Antoine : Oui. Après les premiers entretiens, je ne pouvais pas reconnaître un pédé d’un non-pédé, et encore aujourd’hui, je ne sais pas beaucoup faire la différence... Ce n’est que lorsque je vais commencer la formation à AIDES que je vais être éberlué, estomaqué, en me rendant compte que j’étais effectivement dans un monde d’homosexuels, parce que, sur les presque quarante personnes de la formation, la plupart des hommes qui étaient là étaient homosexuels, et on était deux à se déclarer non-homosexuels.

À un moment donné, je me suis demandé : « Est-ce que tu continues, ou est-ce que tu arrêtes ? » Compte tenu du fait que mes formateurs étaient corrects, et même très corrects, et que les gens étaient sympathiques, je me suis dit : « Tant que moi, je sais ce que je suis, et que les autres sont corrects avec moi, j’avance. » Mais depuis la formation j’ai été attentif, peut-être trop attentif, et j’ai essayé de faire la différence en n’embrassant pas les hommes, parce que mon père, je ne l’ai jamais embrassé, et c’est une des personnes que j’aime le plus au monde, donc je ne voyais pas pourquoi j’allais embrasser un homme parce que je l’avais rencontré à l’association.

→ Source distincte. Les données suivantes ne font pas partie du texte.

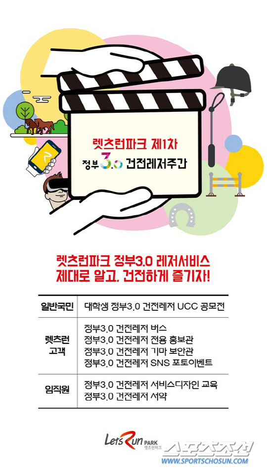 한국마사회는 8일부터 31일까지 '렛츠런파크 대학생 정부3.0 건전레저 UCC 공모전'을 개최한다고 밝혔다. 뿐만 아니라, 정부3.0 건전레저주간을 맞아 건전레저 버스, 건전레저 홍보관, 건전레저 SNS 포토이벤트 등 다양한 부대행사도 함께 선보인다.

La cohabitation a été correcte, et prudente en ce qui me concerne. Les usagers de drogues, je n’en ai pas beaucoup rencontrés ; dans ma formation, il y en avait un. Dans le fond, on ne reste pas indifférent. On enregistre des choses... un peu... quoique... jusqu’à aujourd’hui, autant je comprends la toxicomanie, autant je ne comprends pas les homosexuels. Autant je ne comprends pas, autant je respecte les choix des autres, sans les comprendre. Sans les comprendre. Ça reste tout de même une démarche qui rend difficile mon intégration complète dans l’association. Je ne me sens pas toujours complètement à l’aise, même si j’ai du respect pour les gens qu’on rencontre là.

VACARME : En arrivant en France, as-tu eu le sentiment de « repartir à zéro » ?

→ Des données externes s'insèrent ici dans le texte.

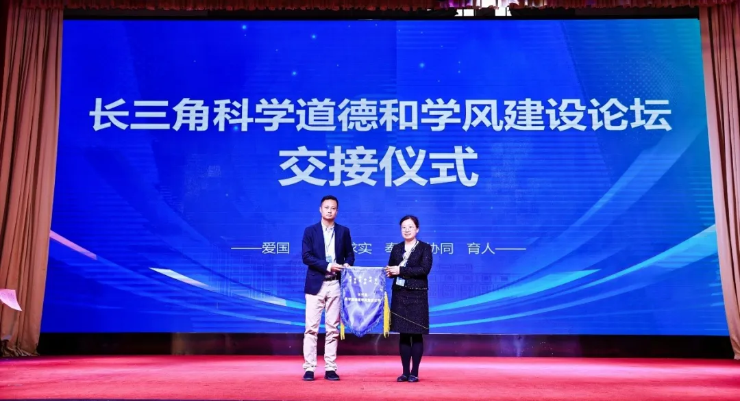 2025年长三角科学道德和学风建设论坛将由上海交通大学承办。上海理工大学党委研究生工作部副部长王张琦将论坛旗帜交接给上海交通大学学生处副处长范翔。

Antoine : Oui. C’est plus que repartir à zéro, c’est réapprendre à exister dans un monde nouveau, où on n’a rien, juste un toit (ndlr : dans un foyer de l’association France Terre d’Asile), des papiers (ndlr : de demandeur d’asile politique) pour ne pas se faire arrêter par la police. C’est réapprendre à trouver ses marques dans des conditions de vie difficiles, parce qu’on n’a pas sa famille avec soi, on a du temps, on ne sait pas quoi en faire parce qu’on est loin de chez soi.

Je suis quelqu’un qui viens d’une grande famille où j’ai connu ce qu’on peut appeler la richesse matérielle. Je n’ai jamais manqué de rien, pendant toute mon enfance, ma jeunesse, toute ma scolarité. Mais, en même temps, j’ai toujours su que ça contribuait à rendre la vie facile, mais que ça n’était pas ça la richesse. Et la plus grande des richesses, c’était la santé, encore que la mienne commençait à être précaire, dans la mesure où mes traumatismes ont eu des conséquences que je porte encore...

Je ne me suis pas senti pauvre, parce que, pour moi, la richesse ce n’est pas le compte garni. Je ne connais pas la précarité : pour moi, ne pas manger un jour, deux jours, ce n’est pas ça la précarité ; on finit toujours par manger. Et lorsque j’aurai faim faim faim, je n’hésiterai pas à frapper à une porte inconnue pour leur dire que j’ai faim.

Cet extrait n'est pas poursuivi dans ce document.